:: Data segment ::
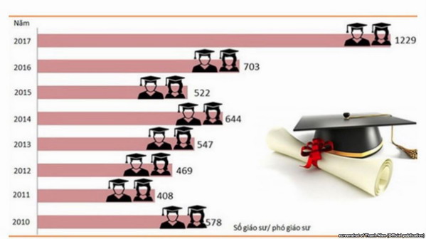 Căn nguyên 'bùng nổ' giáo sư. Trong số giáo sư, phó giáo sư được 'phong hàm', không ít người chưa hề giảng dạy đại học và không có các công tŕnh nghiên cứu khoa học thực sự. Trong đợt xét công nhận chức danh giáo sư (GS) và phó giáo sư (PGS) năm 2016, số người được công nhận lên tới 703 (bao gồm 65 GS và 638 PGS) đă làm xôn xao dư luận xă hội. Nhưng số được công nhận của năm 2017 c̣n vượt xa hơn thế với 1.226 vị được trao giấy chứng nhận, khiến dư luận lại bị "chấn động" hơn nữa.
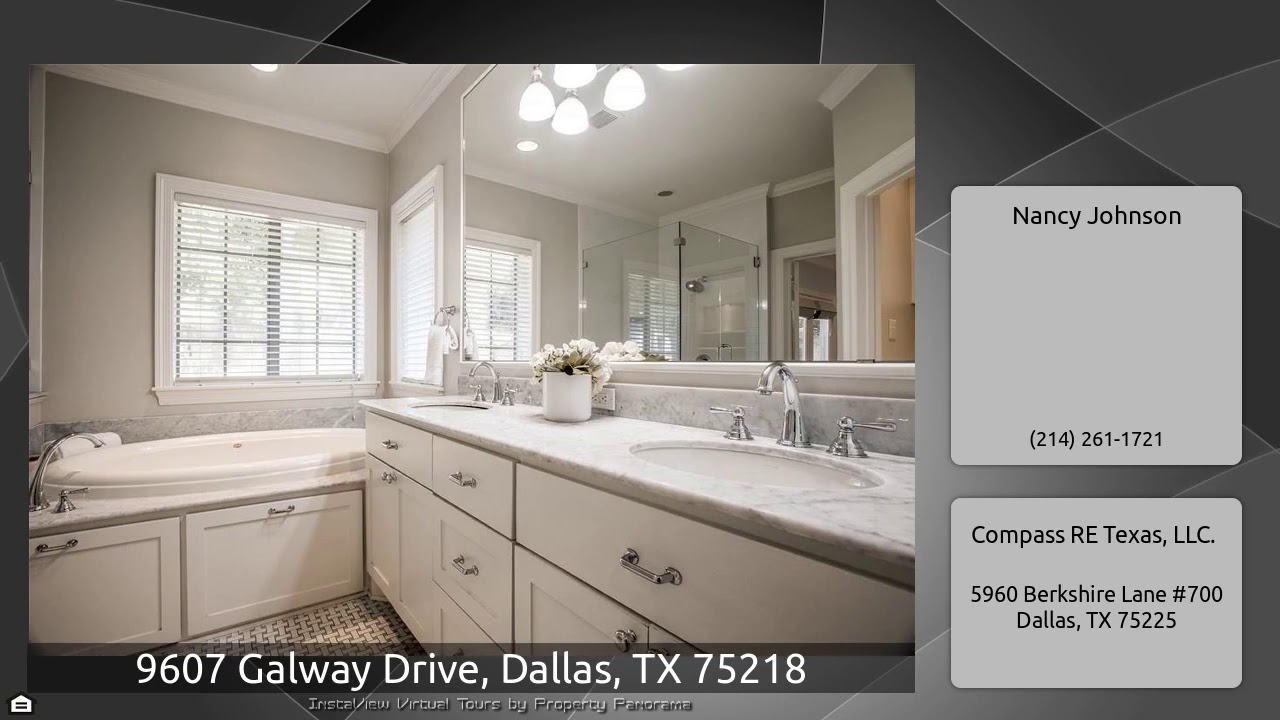 The Virtual Tour for the property at 9607 Galway Drive, Dallas, TX 75218 listed for $639,000: Other homes for sale by Nancy Johnson of Compass RE Texas, LLC.: Updated&enlarged 4 bedroom Austin Stone Ranch in Lake Park Estates, on .48 acre. Enter to 1st of 2 living areas with built-ins&gas FP.The dining room has built-ins.Kitchen has granite,breakfast bar,ss apps&separate breakfast area.Home’s 2nd living is large w 2nd FP, BI speakers & French doors to back patio.Master has vaulted ceilings,French doors to patio,2 sinks&separate shower.Secondary beds are nicely sized, and one is en …
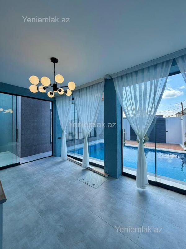 Sizə ekoloji təmiz Mərdəkan qəsəbəsində 3.5 Sotda 1 mərtəbə 180 kv.m 4 otaqlı super bağ evini təklif edirik. Bağ evi zal, mətbəx, 3 yataq otağı, qarderob, holl və 3 sanuzeldən ibarətdir. Otaqlarda asılmış pərdə və lyüsturları, qonaq otağı mebelləri, divar rəsmləri, tv, mətbəx mebeli, hündür tavanları, duş kabinalı sanuzeli, quraşdırılmış işıqlandırma sistemi var. Ev yüksək zövq və keyfiyyətlə təmir olunub. Su, qaz, işıq daimidir. İstilik sistemi kombidir, isti döşəməsi var. Həyətində geniş filterli hovuzu, stol-stulu, manqalxana, maşın saxlamaq üçün yer, mebelli cambalkon besedka, yay-qış mətbəxi, pultla idarə olunan darvaza, dekorativ ağacları və gülləri, su anbarı, sensorlu gecə işıqları var. 4 mövsüm yaşamaq üçün əlverişlidir. Yolu qapıya kimi asfaltdır. Kupçası (Çıxarışı) var. Start qiyməti 340 000 AZN.

:: Work instruction ::
The whole listing should be restated word for word, with no pictures.

:: Task response ::
 Căn nguyên 'bùng nổ' giáo sư. Trong số giáo sư, phó giáo sư được 'phong hàm', không ít người chưa hề giảng dạy đại học và không có các công tŕnh nghiên cứu khoa học thực sự. Trong đợt xét công nhận chức danh giáo sư (GS) và phó giáo sư (PGS) năm 2016, số người được công nhận lên tới 703 (bao gồm 65 GS và 638 PGS) đă làm xôn xao dư luận xă hội. Nhưng số được công nhận của năm 2017 c̣n vượt xa hơn thế với 1.226 vị được trao giấy chứng nhận, khiến dư luận lại bị "chấn động" hơn nữa.
 The Virtual Tour for the property at 9607 Galway Drive, Dallas, TX 75218 listed for $639,000: Other homes for sale by Nancy Johnson of Compass RE Texas, LLC.: Updated&enlarged 4 bedroom Austin Stone Ranch in Lake Park Estates, on .48 acre. Enter to 1st of 2 living areas with built-ins&gas FP.The dining room has built-ins.Kitchen has granite,breakfast bar,ss apps&separate breakfast area.Home’s 2nd living is large w 2nd FP, BI speakers & French doors to back patio.Master has vaulted ceilings,French doors to patio,2 sinks&separate shower.Secondary beds are nicely sized, and one is en …
 Sizə ekoloji təmiz Mərdəkan qəsəbəsində 3.5 Sotda 1 mərtəbə 180 kv.m 4 otaqlı super bağ evini təklif edirik. Bağ evi zal, mətbəx, 3 yataq otağı, qarderob, holl və 3 sanuzeldən ibarətdir. Otaqlarda asılmış pərdə və lyüsturları, qonaq otağı mebelləri, divar rəsmləri, tv, mətbəx mebeli, hündür tavanları, duş kabinalı sanuzeli, quraşdırılmış işıqlandırma sistemi var. Ev yüksək zövq və keyfiyyətlə təmir olunub. Su, qaz, işıq daimidir. İstilik sistemi kombidir, isti döşəməsi var. Həyətində geniş filterli hovuzu, stol-stulu, manqalxana, maşın saxlamaq üçün yer, mebelli cambalkon besedka, yay-qış mətbəxi, pultla idarə olunan darvaza, dekorativ ağacları və gülləri, su anbarı, sensorlu gecə işıqları var. 4 mövsüm yaşamaq üçün əlverişlidir. Yolu qapıya kimi asfaltdır. Kupçası (Çıxarışı) var. Start qiyməti 340 000 AZN.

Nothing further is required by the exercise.